Analysis of skin permeation-enhancing mechanism of iontophoresis using hydrodynamic pore theory

The effects of constant DC iontophoresis (0–1.5 mA/0.966 cm 2) on the permeation of three hydrophilic compounds, antipyrine (ANP, M.W. 188.23), sucrose (SR, M.W. 342.30) and 1-kestose (KT, M.W. 506.73), through excised hairless rat skin were evaluated using hydrodynamic pore theory. The electro-osmotic flow caused by iontophoresis was measured using deuterium oxide (D 2O). The penetration-enhancing mechanism of iontophoresis was found to increase solvent flow through electro-osmosis and pore enlargement and/or new pore production in the skin barrier, together with enhancement of electrochemical potential difference across the skin. These effects were closely related to the strength of the current applied. The electro-osmotic flow of D 2O ( J D 2O ) greatly enhanced the skin permeation clearance of all hydrophilic penetrants (CL drug).
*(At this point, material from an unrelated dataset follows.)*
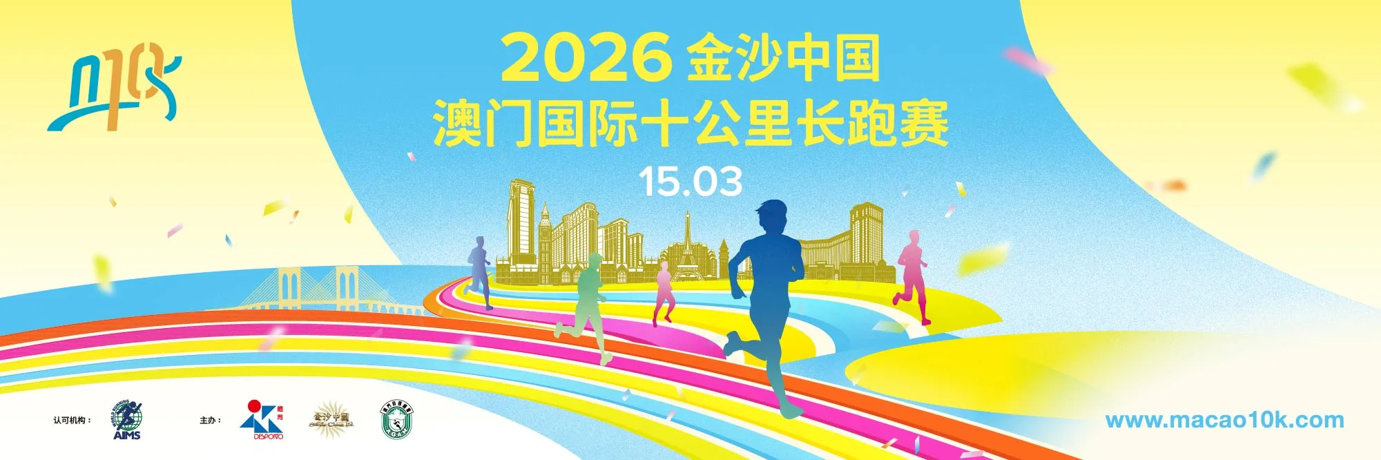 由澳门特别行政区政府体育局、金沙中国有限公司及澳门田径总会主办的 “2026金沙中国澳门国际十公里长跑赛” 即将于3月15日举行!

Pore production was classified into reversible and irreversible processes, which resulted from lower (0–0.5 mA/0.966 cm 2) and higher (0.5–1.5 mA/0.966 cm 2) currents, respectively. Thus, the enhancing effects of iontophoresis on skin permeation of nonionic hydrophilic compounds can be explained by increase in pore size and higher solvent flow.